Exercise prompt
In the entries below, which lines run from the one with "So suppose the" through the one with "Мягкое сидение обито"? Repeat exactly those, both included, and no pictures.

Entries shown

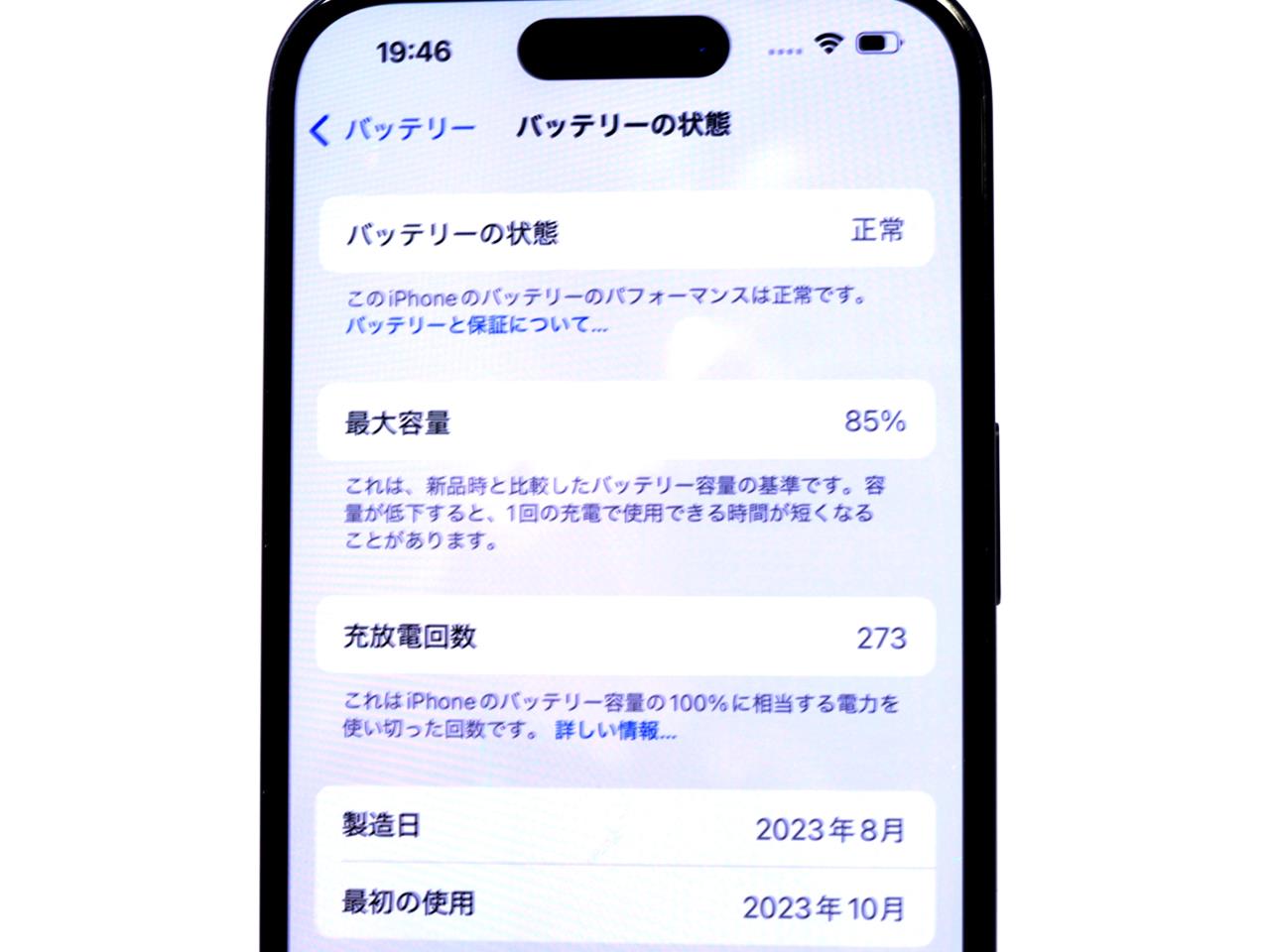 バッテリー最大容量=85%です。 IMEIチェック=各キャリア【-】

--

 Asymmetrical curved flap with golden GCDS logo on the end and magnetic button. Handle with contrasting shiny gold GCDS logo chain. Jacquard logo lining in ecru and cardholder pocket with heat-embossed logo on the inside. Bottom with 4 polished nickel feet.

* * *

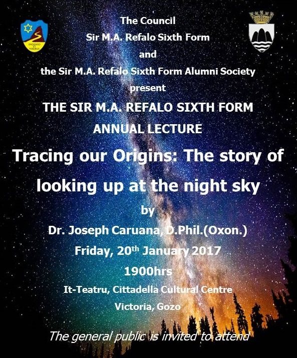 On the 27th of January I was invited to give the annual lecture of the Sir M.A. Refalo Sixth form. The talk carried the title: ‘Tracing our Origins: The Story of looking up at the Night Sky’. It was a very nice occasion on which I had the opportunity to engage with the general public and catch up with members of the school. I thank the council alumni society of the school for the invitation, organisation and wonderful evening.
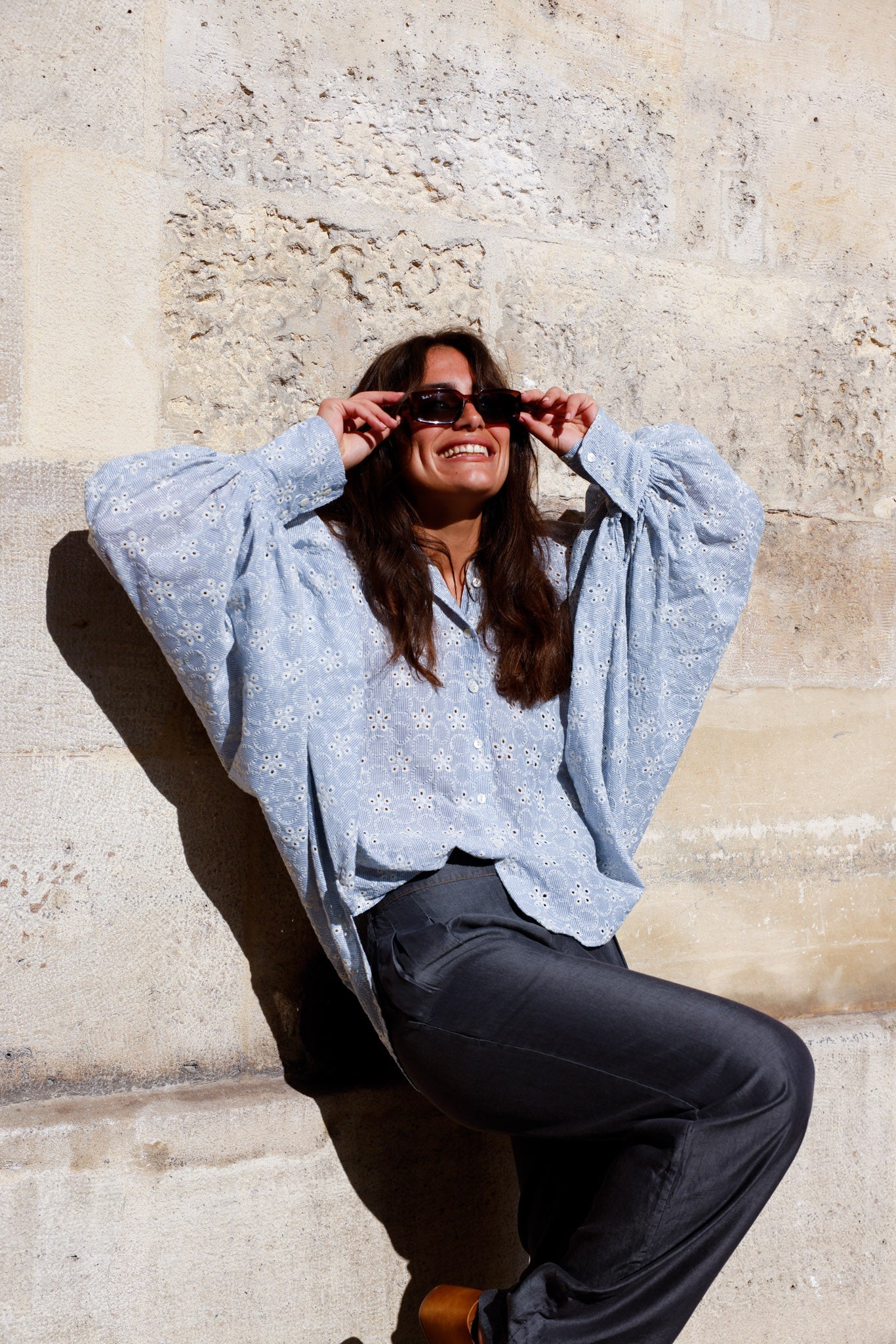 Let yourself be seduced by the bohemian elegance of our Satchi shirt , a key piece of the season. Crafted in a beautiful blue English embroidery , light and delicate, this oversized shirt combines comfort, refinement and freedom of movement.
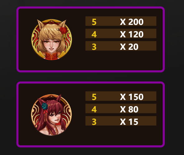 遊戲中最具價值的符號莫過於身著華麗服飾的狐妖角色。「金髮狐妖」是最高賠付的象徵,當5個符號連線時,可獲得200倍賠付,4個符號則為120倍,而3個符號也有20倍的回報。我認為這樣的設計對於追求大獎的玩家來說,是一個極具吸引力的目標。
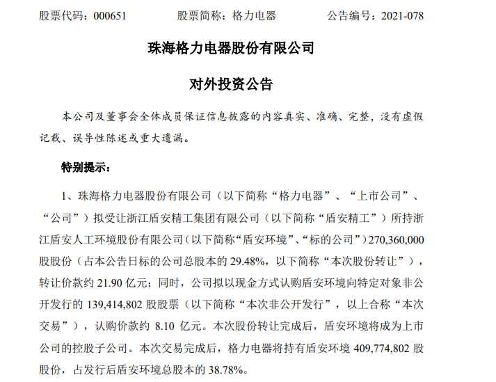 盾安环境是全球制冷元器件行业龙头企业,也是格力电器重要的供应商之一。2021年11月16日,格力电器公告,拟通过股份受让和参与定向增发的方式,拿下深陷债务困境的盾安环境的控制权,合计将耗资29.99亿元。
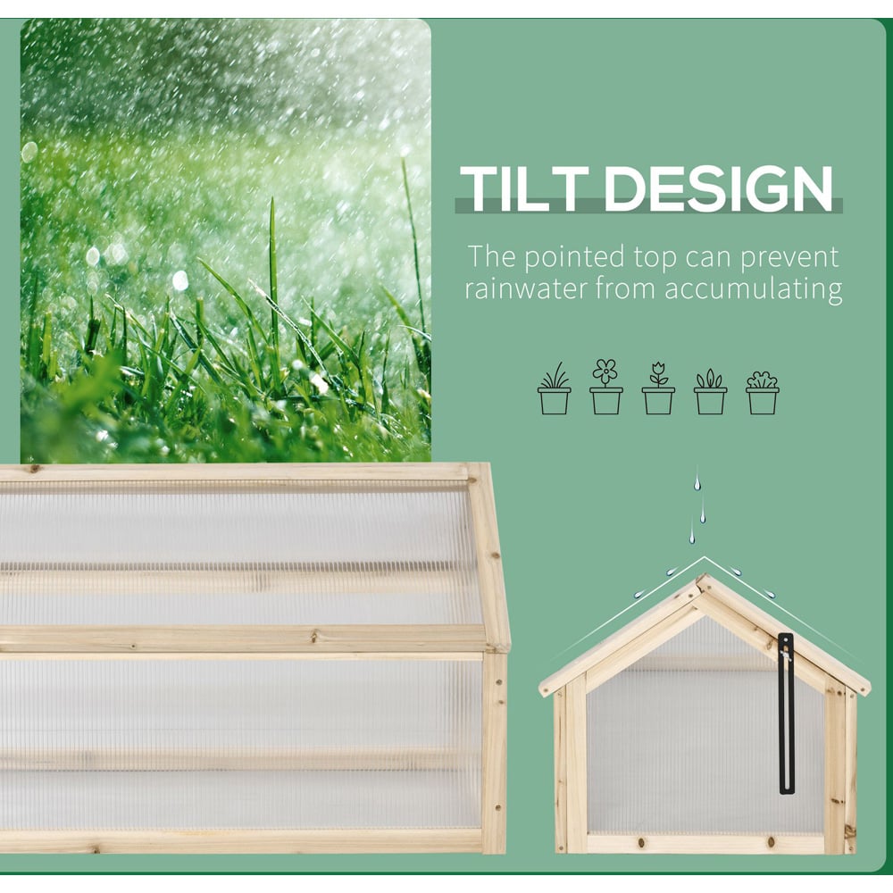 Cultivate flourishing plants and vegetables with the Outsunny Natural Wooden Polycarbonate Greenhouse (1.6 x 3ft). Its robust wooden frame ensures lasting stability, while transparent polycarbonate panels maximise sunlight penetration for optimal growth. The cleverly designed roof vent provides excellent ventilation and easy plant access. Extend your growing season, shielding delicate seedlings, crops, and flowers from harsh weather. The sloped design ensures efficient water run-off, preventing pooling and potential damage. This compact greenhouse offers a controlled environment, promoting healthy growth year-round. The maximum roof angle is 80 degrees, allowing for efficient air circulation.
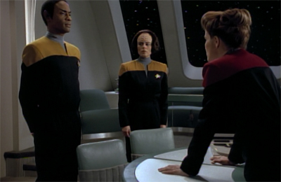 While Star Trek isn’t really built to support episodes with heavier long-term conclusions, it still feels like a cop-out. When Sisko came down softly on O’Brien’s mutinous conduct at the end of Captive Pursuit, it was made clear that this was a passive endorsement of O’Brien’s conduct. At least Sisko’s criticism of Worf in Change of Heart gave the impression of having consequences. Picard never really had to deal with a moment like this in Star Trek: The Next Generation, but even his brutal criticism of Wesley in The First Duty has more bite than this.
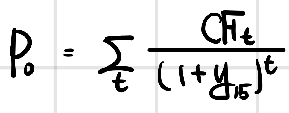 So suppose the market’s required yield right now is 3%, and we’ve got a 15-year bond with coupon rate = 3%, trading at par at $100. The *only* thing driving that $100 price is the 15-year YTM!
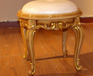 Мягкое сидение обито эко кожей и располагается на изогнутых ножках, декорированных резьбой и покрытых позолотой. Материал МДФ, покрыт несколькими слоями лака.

Written answer
 So suppose the market’s required yield right now is 3%, and we’ve got a 15-year bond with coupon rate = 3%, trading at par at $100. The *only* thing driving that $100 price is the 15-year YTM!
 Мягкое сидение обито эко кожей и располагается на изогнутых ножках, декорированных резьбой и покрытых позолотой. Материал МДФ, покрыт несколькими слоями лака.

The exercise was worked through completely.